Ridwan Max Sijabat, The Jakarta Post, Soroako, South Sulawesi
Raising the legal minimum wage by around 10 and 15 percent in Jakarta and West Java will not be enough to improve conditions for low-income workers next year, unions say.
A new, unmarried full-time worker in Jakarta will now be legally entitled to receive at least Rp 900,000 (US$98.7) a month, a 9.95 percent increase in the minimum wage from the current Rp 819,100. Meanwhile employees in the formal sector in West Java must now be paid a minimum wage of Rp 504,000, a 15 percent rise from the current Rp 447,000.

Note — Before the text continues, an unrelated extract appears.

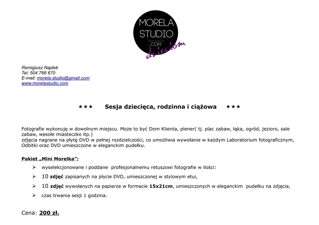 Remigiusz Najdek Tel: 504 766 670 E-mail: [email protected] www.morelastudio.com Sesja dziecięca, rodzinna i ciążowa Fotografie wykonuję w dowolnym miejscu. Może to być Dom Klienta, plener( tj. plac zabaw, łąka, ogród, jezioro, sale zabaw, wesołe miasteczko itp.) zdjęcia nagrane na płytę DVD w pełnej rozdzielczości, co umożliwia wywołanie w każdym Laboratorium fotograficznym, Odbitki oraz DVD umieszczone w eleganckim pudełku. Pakiet „Mini Morelka”: wyselekcjonowane i poddane profesjonalnemu retuszowi fotografie w ilości: 10 zdjęć zapisanych na płycie DVD, umieszczonej w stylowym etui, 10 zdjęć wywołanych na papierze w formacie 15x21cm, umieszczonych w eleganckim pudełku na zdjęcia, czas trwania sesji 1 godzina. Cena: 200 zł. Pakiet „Kwitnąca Morelka”: wyselekcjonowane i poddane profesjonalnemu retuszowi fotografie w ilości: 25 zdjęć zapisanych na płycie DVD, umieszczonej w stylowym etui, 25 zdjęć wywołanych na papierze w formacie 15x21cm, umieszczonych w eleganckim pudełku na zdjęcia, czas trwania sesji 2 godziny. Cena: 400 zł. Pakiet „Dojrzewająca Morelka”: wyselekcjonowane i poddane profesjonalnemu retuszowi fotografie w ilości: 40 zdjęć zapisanych na płycie DVD, umieszczonej w stylowym etui, 40 zdjęć wywołanych na papierze w formacie 15x21cm, umieszczonych w eleganckim pudełku na zdjęcia, czas trwania sesji 3 godziny. Cena: 600 zł. przygotowania, reportaż z mszy świętej, uroczysty obiad, zdjęcia plenerowe. Chrzest, Komunia Pakiet „Msza święta”: wyselekcjonowane i poddane profesjonalnemu retuszowi fotografie w ilości: 30 zdjęć zapisanych na płycie DVD, umieszczonej w stylowym etui, 30 zdjęć wywołanych na papierze w formacie 15x21cm, umieszczonych w eleganckim pudełku na zdjęcia. Cena: 300 zł. Pakiet „Msza święta + Uroczysty obiad”: wyselekcjonowane i poddane profesjonalnemu retuszowi fotografie w ilości: 60 zdjęć zapisanych na płycie DVD, umieszczonej w stylowym etui, 60 zdjęć wywołanych na papierze w formacie 15x21cm, umieszczonych w eleganckim pudełku na zdjęcia. Cena: 500 zł. Pakiet „Msza święta + Uroczysty obiad + Plener”: wyselekcjonowane i poddane profesjonalnemu retuszowi fotografie w ilości: 80 zdjęć zapisanych na płycie DVD, umieszczonej w stylowym etui, 80 zdjęć wywołanych na papierze w formacie 15x21cm, umieszczonych w eleganckim pudełku na zdjęcia. Cena: 600 zł. Pakiet „Przygotowania + Msza święta + Uroczysty obiad + Plener”: wyselekcjonowane i poddane profesjonalnemu retuszowi fotografie w ilości: 100 zdjęć zapisanych na płycie DVD, umieszczonej w stylowym etui, 100 zdjęć wywołanych na papierze w formacie 15x21cm, umieszczonych w eleganckim pudełku na zdjęcia. Cena: 700 zł. Istnieje możliwość zamiany poszczególnych elementów pakietów Urodziny (przyjęcia dla dzieci, 18- tki) reportaż z uroczystości urodzinowej, sesja plenerowa. Pakiet „Urodziny” (przyjęcie urodzinowe): wyselekcjonowane i poddane profesjonalnemu retuszowi fotografie w ilości: 30 zdjęć zapisanych na płycie DVD, umieszczonej w stylowym etui, 30 zdjęć wywołanych na papierze w formacie 15x21cm, umieszczonych w eleganckim pudełku na zdjęcia, czas trwania sesji 1-2 godziny. Cena: 300 zł. Pakiet „Urodziny + Plener”: wyselekcjonowane i poddane profesjonalnemu retuszowi fotografie w ilości: 60 zdjęć zapisanych na płycie DVD, umieszczonej w stylowym etui, 60 zdjęć wywołanych na papierze w formacie 15x21cm, umieszczonych w eleganckim pudełku na zdjęcia. Cena: 500 zł.

The wage levels only apply to people in the formal sector and exclude those in the non-taxed, informal sector that make up the majority of country's workers.
Minimum wage levels in other provinces are currently being negotiated by local governments, employers and workers representatives. Each province must publicly announce their decisions by early December, a month before they are enforced.
Manpower and Transmigration Ministry director general for industrial relations Muzni Tambusai said workers in other regions with higher living costs, like Batam, were unlikely to get a monthly wage hike higher than the 10-15 percent range.
"The government understands that the present wage levels are insufficient for workers to lift their standard of living but we cannot force employers to meet workers' demands for higher increases because of the continued economic crisis and the unfavorable investment climate," Muzni said.
He said the failure of businesses like garment factory PT Great River Indonesia and state bus company PPD meant the companies were unable to pay thousands of workers' salaries for several months and could not pay them Idul Fitri holiday bonuses.
Labor unions say the planned hikes are insignificant and less than this year's inflation, which is likely to average at 12 percent. They have warned regional governments that industrial action or unrest is likely if wages are not increased.
Syamsul DP, the deputy chairman of the Federation of Chemical, and Mining Trade Unions, which is under the umbrella of the Confederation of All-Indonesian Workers Unions, said his organization would fight for the imposition of a sectoral minimum wage system.
This would encourage more affluent companies to pay higher wages than the regional minimum, Syamsul said.
"The mining, manufacturing, chemical and forestry sectors can (afford to) raise their minimum wage more than the regional minimum," he said.
Secretary general for the Confederation of Indonesian Prosperous Labor Unions Didin S. said delegates had walked out of the last three-party meetings held to determine the minimum wage in Jakarta because the proposed increases were unrealistic.
"This minor hike is part of an unfair remuneration system and we are afraid it will incite labor unrest because workers will remain unable to meet their basic needs," Didin said.
The government has predicted this year's inflation rate would track down to around 6 percent.
Didin said the monthly minimum wage in Jakarta should be set at Rp 1.6 million.
Continuing lower rates of pay would make it impossible for workers to improve their productivity, meet their daily basic needs and take part in training programs, he said.